Один безвестный труженик рифмы меня угостил таким куплетцем: «Русь не меняет русла. Течет ее вода Приговоренно грустно Неведомо куда». Непритязательные стишата. Но почему-то нейдут с ума. Ибо относятся и ко мне. Я тоже перемещаюсь в пространстве незнамо куда, незнамо зачем.
Меж тем, у Вас скопились вопросы. О том, чем полна моя голова (совсем не солнцем, смею уверить), чем «пенится» мое бедное сердце, хочу ли я еще, как бывало, страдать и мыслить, подобно классику? Вы спрашиваете об общих знакомых и, наконец, о Петербурге. Всего два десятка лет спустя Вас потянуло вновь окунуться в это золотое сияние, которое в полуденный час сочится из купола Исаакия, Вы поняли, что стосковались по Невскому, вздыхаете о разведенных мостах и разлученных временем духах.
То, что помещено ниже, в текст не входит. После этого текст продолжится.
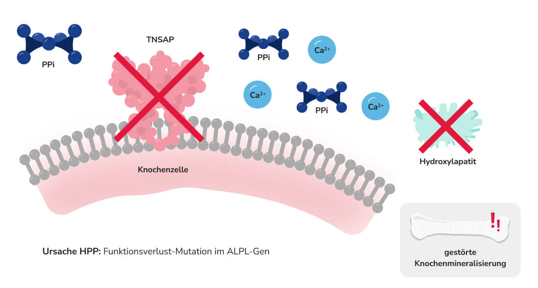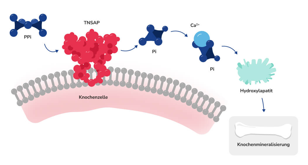 Pathogene Mutationen im Gen für die TNSAP (ALPL) reduzieren die AP-Aktivität, was eine gestörte Knochen- und Zahnmineralisierung sowie neurologische, muskuloskelettale, gastrointestinale und renale Symptome zur Folge haben kann.ref_Whyte_MP_2016ref_Orimo_H_2010

Думаю, Вам нужны не ответы. Нужно услышать ответный голос.
Вы просите рассказать о себе. Печален был бы мой рассказ. Благоразумнее воздержаться. Попотчевать петербургскими видами. Каким-нибудь нейтральным закатом. Помню, что Вы любили сумерки.
Впрочем, не стану прибегать к этой лирической требухе. Когда тебе нечего написать, ты сообщаешь о клейких листочках и пении щегла за окном. Чехов доводил до истерики бедную Лику такими подробностями — барышне требовалось иное. Так же бесили Льва Гумилева весточки с воли от доблестной матери — все тот же поэтический шелест, ни звука о том, чего он так ждет.